[What you are asked to do]:
From the material below, please set down exactly the lines starting with the one with "اعزام اکیپ پزشکی" and going on through the one with "Fahnen für Ausleger", without a single picture.

[Records provided]:
>>>>

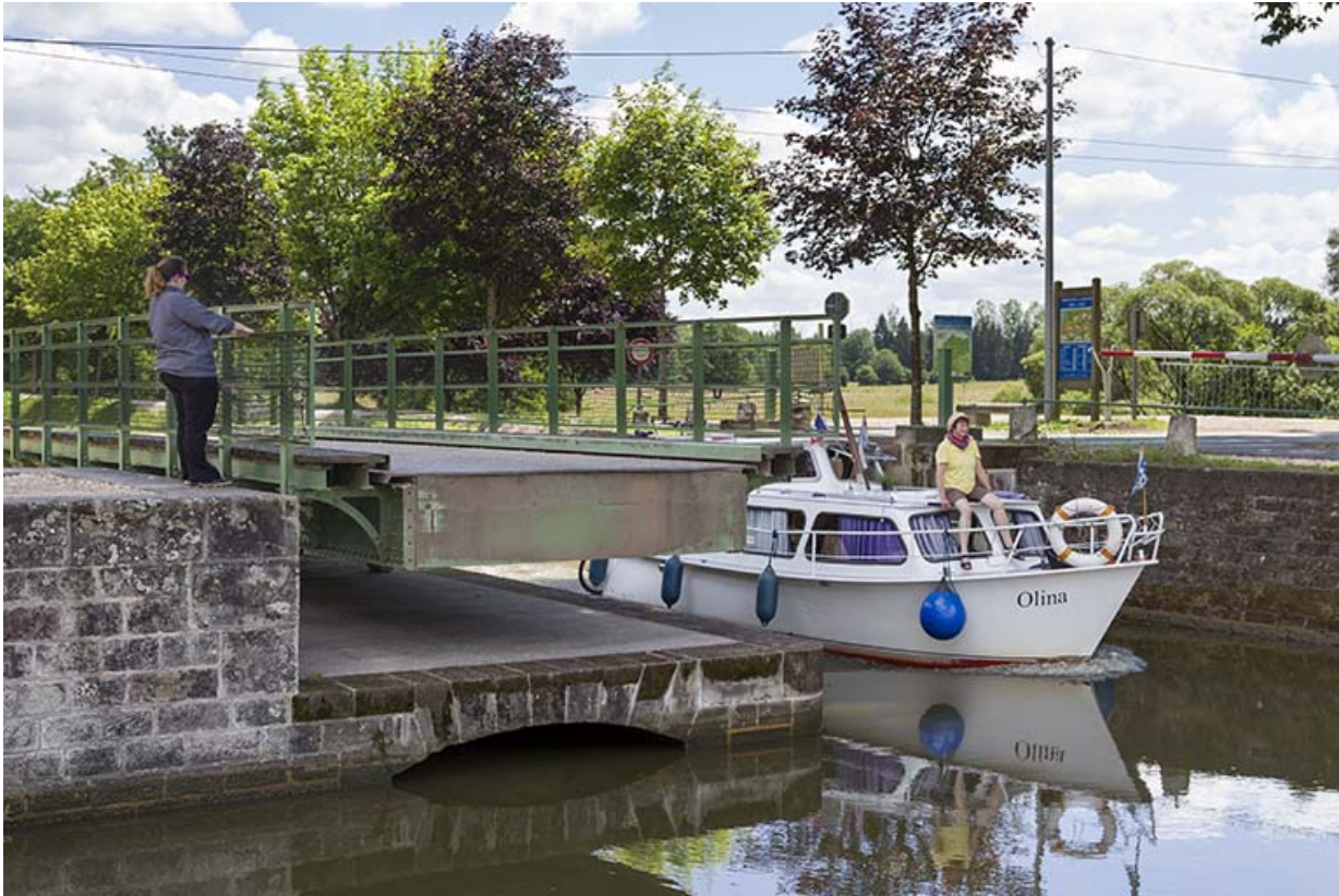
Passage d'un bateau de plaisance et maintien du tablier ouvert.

<<<<
>>>>

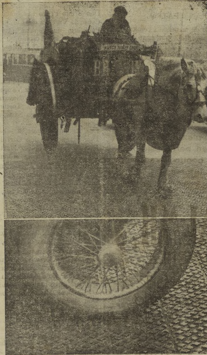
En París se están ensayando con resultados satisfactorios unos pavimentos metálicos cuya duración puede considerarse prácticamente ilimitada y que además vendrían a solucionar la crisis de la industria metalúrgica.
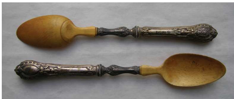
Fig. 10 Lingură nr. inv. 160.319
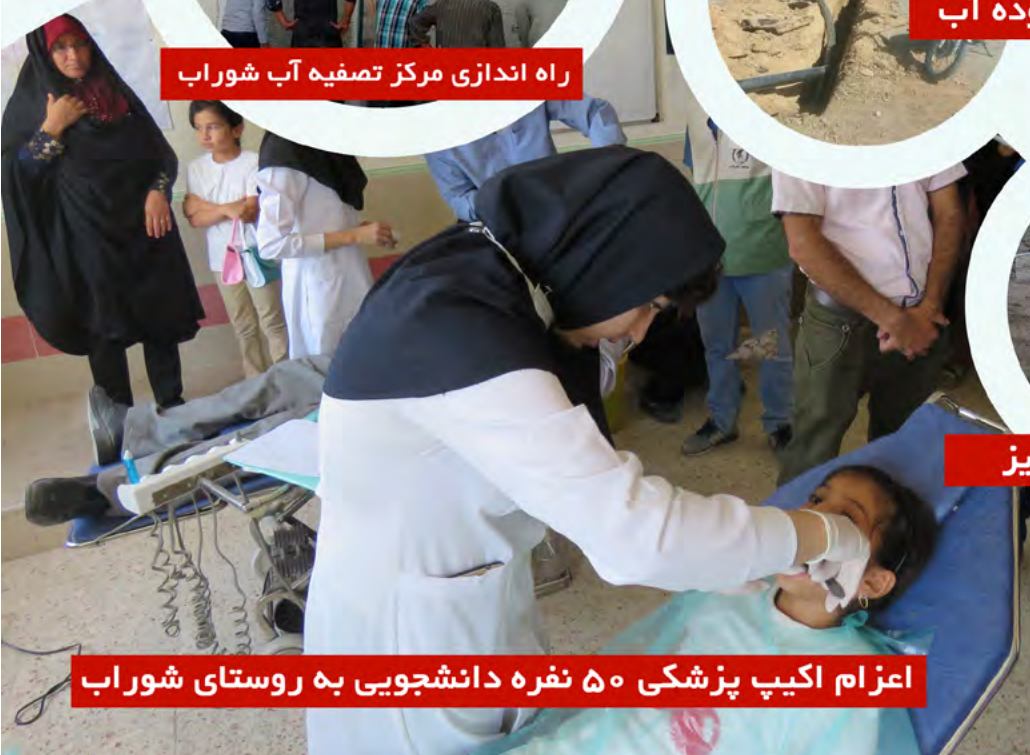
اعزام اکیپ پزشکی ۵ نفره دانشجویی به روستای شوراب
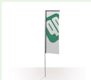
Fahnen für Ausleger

<<<<

[Response to the task]:
اعزام اکیپ پزشکی ۵ نفره دانشجویی به روستای شوراب
Fahnen für Ausleger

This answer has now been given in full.